DIRECTIONS - Word for word, write the lines below out again, with no pictures.

THE DATA below:

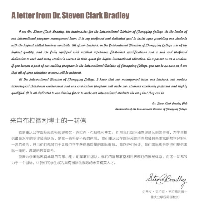 來(lái)自布拉德利校長(zhǎng)的一封信
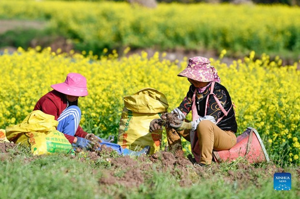 Farmers harvest taroes in Panzhou, southwest China's Guizhou Province, March 7, 2022. In the process of consolidating poverty alleviation achievements and promoting rural revitalization, Guizhou has actively guided farmers to change farming methods and develop suitable agriculture industry in mountainous areas. At the same time, Guizhou made efforts to integrate agriculture with tourism and cultural industries, which helped to increase agricultural efficiency and farmers' income. (Xinhua/Yang Wenbin)
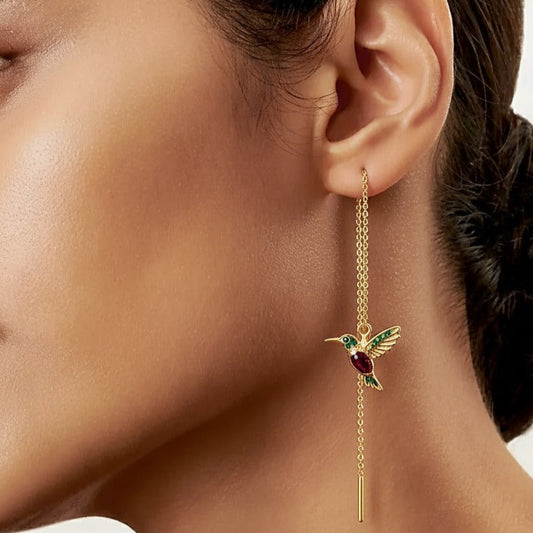 Kolczyki z emalią i cyrkoniami w kształcie kolibra

End of THE DATA.

EXERCISE ANSWER -
 來(lái)自布拉德利校長(zhǎng)的一封信
 Farmers harvest taroes in Panzhou, southwest China's Guizhou Province, March 7, 2022. In the process of consolidating poverty alleviation achievements and promoting rural revitalization, Guizhou has actively guided farmers to change farming methods and develop suitable agriculture industry in mountainous areas. At the same time, Guizhou made efforts to integrate agriculture with tourism and cultural industries, which helped to increase agricultural efficiency and farmers' income. (Xinhua/Yang Wenbin)
 Kolczyki z emalią i cyrkoniami w kształcie kolibra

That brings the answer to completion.